◆ Material to process:
<<<<
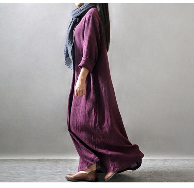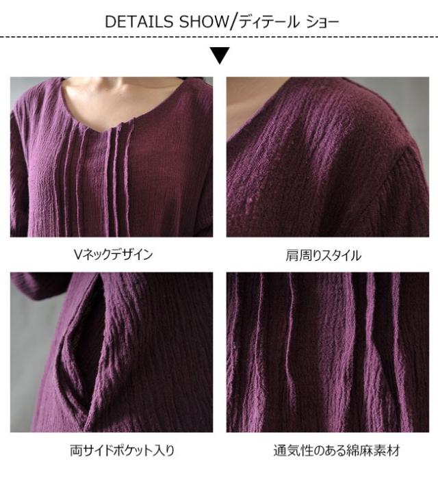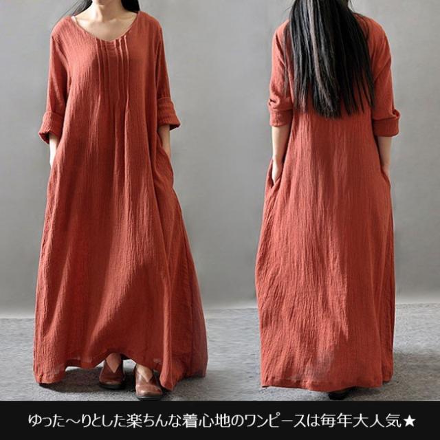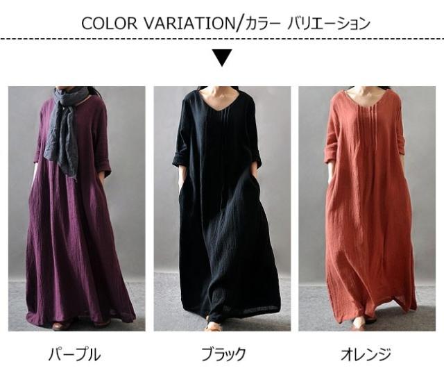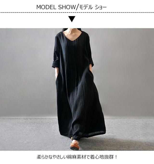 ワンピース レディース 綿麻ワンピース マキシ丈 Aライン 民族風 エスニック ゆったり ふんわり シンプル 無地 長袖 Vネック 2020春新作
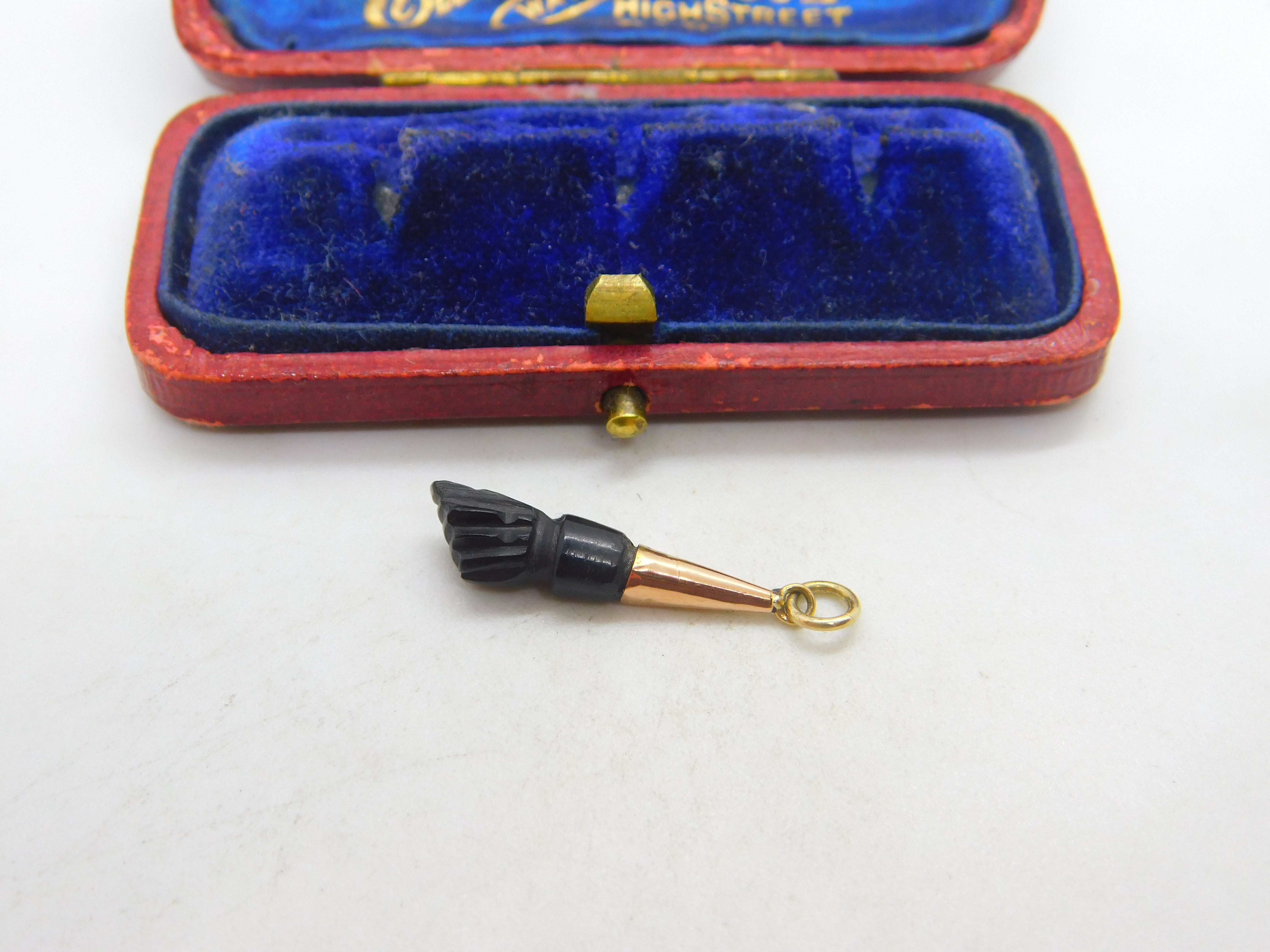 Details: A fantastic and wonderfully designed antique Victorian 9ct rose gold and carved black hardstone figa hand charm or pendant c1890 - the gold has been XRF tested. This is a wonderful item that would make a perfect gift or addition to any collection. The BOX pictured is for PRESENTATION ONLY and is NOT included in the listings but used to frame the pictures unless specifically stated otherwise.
>>>>
<<<<
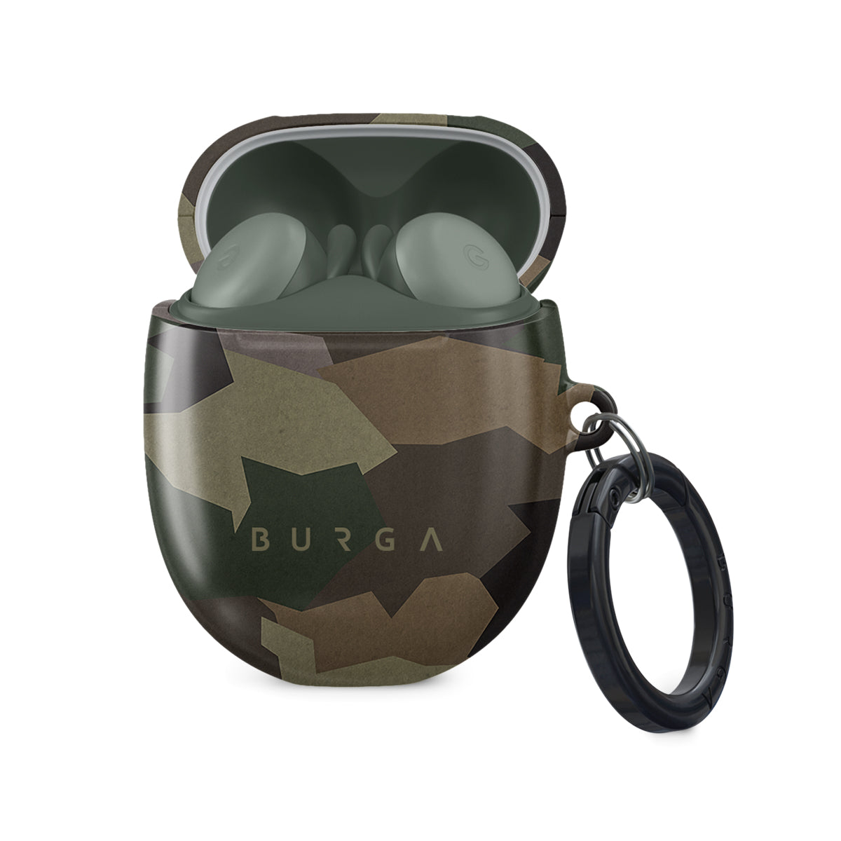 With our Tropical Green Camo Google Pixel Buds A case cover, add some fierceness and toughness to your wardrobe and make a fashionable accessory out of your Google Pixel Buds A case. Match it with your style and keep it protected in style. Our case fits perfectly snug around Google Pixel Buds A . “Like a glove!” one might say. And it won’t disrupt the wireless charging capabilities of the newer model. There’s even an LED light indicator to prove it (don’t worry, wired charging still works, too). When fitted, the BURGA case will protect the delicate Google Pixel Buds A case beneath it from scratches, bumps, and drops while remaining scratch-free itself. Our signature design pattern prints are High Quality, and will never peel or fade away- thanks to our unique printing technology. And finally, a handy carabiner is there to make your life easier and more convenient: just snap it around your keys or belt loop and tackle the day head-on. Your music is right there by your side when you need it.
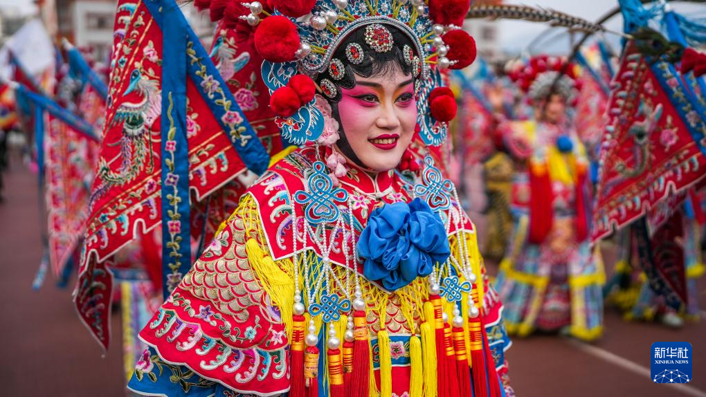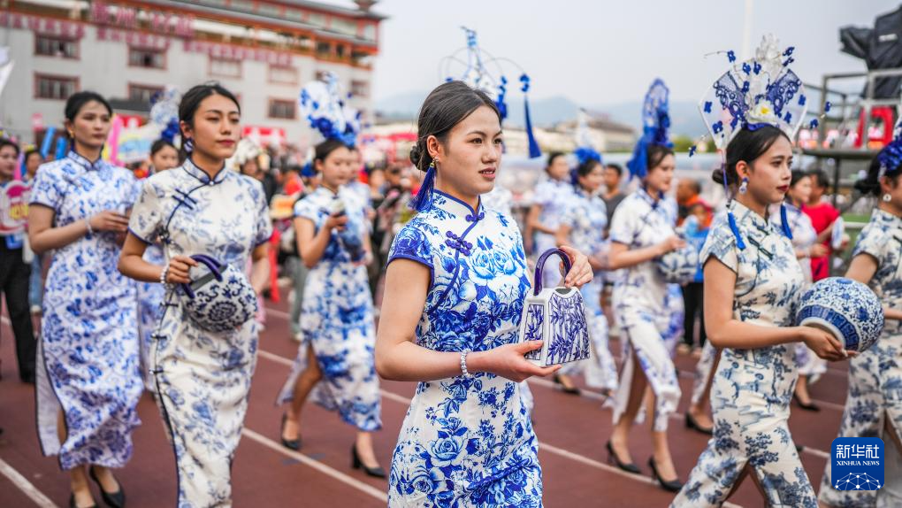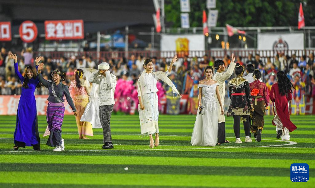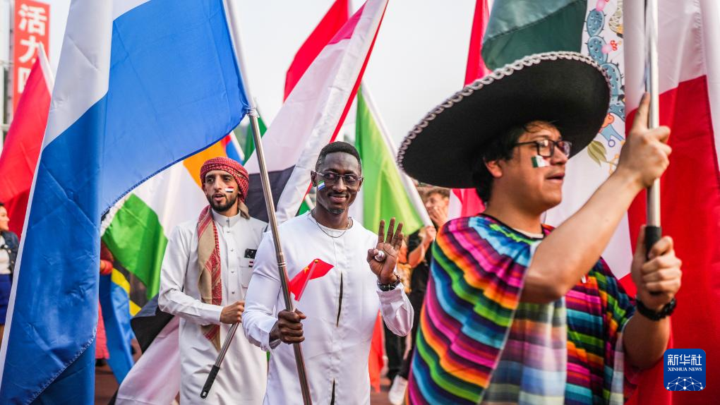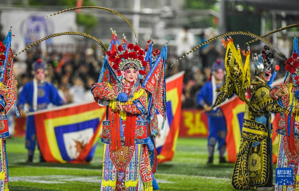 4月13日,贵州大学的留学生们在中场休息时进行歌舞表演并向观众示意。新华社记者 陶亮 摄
>>>>
◆ Task to complete: Find the line with "ワンピース レディース 綿麻ワンピース" and the line with "Details: A fantastic" in the records above. Copy both and all lines between them exactly, without pictures.

◆ Problem solution:
 ワンピース レディース 綿麻ワンピース マキシ丈 Aライン 民族風 エスニック ゆったり ふんわり シンプル 無地 長袖 Vネック 2020春新作
 Details: A fantastic and wonderfully designed antique Victorian 9ct rose gold and carved black hardstone figa hand charm or pendant c1890 - the gold has been XRF tested. This is a wonderful item that would make a perfect gift or addition to any collection. The BOX pictured is for PRESENTATION ONLY and is NOT included in the listings but used to frame the pictures unless specifically stated otherwise.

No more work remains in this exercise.